JPH11267741A - Manufacture of hot rolled steel plate having excellent surface property - Google Patents

Abstract

PROBLEM TO BE SOLVED: To provide a descaling condition excellent in scale removability in hot rolling even in a high Si steel plate whose content of Si is <=0.15 mass %. SOLUTION: A transfer speed of a steel piece and a rolling stock is specified to <=150 m/min when a high pressure water jet is injected on the surface of the steel piece to execute primary descaling just before starting rough rolling and further the high pressure water jet is injected on the surface of a rolling stock to execute secondary descaling just before starting finish rolling. Also, a colliding force U (MPa) of the high pressure water jet per unit area on the surface of stationary steel is set to >=U1 which is calculated by the formula: U1=0.98+3.26([Si]-0.2) in the primary descaling and set to >=U2 which is calculated by the formula: U2=0.65+0.017×[Si]/([P]+[S]) in the secondary descaling.

Description

DETAILED DESCRIPTION OF THE INVENTION

[0001]

BACKGROUND OF THE INVENTION 1. Field of the Invention The present invention relates to a method for descaling a hot-rolled steel sheet (including a hot-rolled steel sheet used as a base material of a cold-rolled steel sheet and a surface-treated steel sheet), particularly, excellent in scale removal property. .

[0002]

2. Description of the Related Art In hot rolling in steel sheet production,
The slab is usually heated to a high temperature of 1000 ° C. or higher, and then subjected to rough rolling and finish rolling to roll to a predetermined thickness. At the time of the high-temperature heating, a primary scale is generated on the surface of the billet, and a secondary scale is generated from the start of rough rolling to the start of finish rolling, but when these scales are rolled without being removed, In addition, the scale penetrates into the product surface and becomes a scale flaw.
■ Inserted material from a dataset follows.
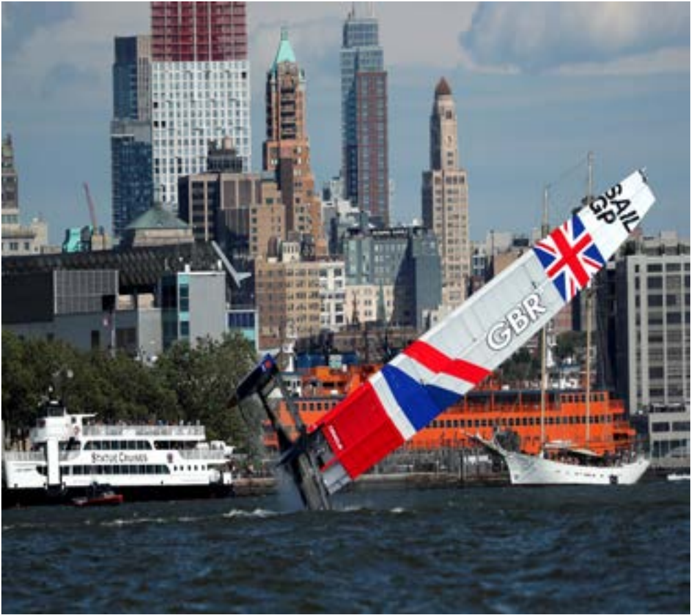
SailGP Team Great Britain skippered by Dylan Fletcher capsizes ahead of race one of day one of competition in the SailGP global sailboat racing series in New York harbor, New York, U.S., June 21, 2019. REUTERS/Mike Segar TPX IMAGES OF THE DAY

In order to prevent the occurrence of scale flaws, a scale remover (HDS) is provided immediately before the rough rolling mill, and the scale remover (FSS) is also provided immediately before the finish rolling mill.
B) is provided, and a high-pressure water jet is jetted from the high-pressure water jet nozzle provided on the HDS and FSB to the surface of a steel slab or a rolled material to remove a primary scale and a secondary scale.

[0004] It is known that the removability of scale is affected by the steel content, particularly the Si content.
When Si becomes high Si steel of 0.15 mass% or more, the removability of scale is rapidly deteriorated. This is because in high Si steel, firelite, which is a low melting point oxide, is formed between the iron oxide and the steel during heating of the steel slab, and this remains without being removed. A defect called scale is generated, which causes scale flaws.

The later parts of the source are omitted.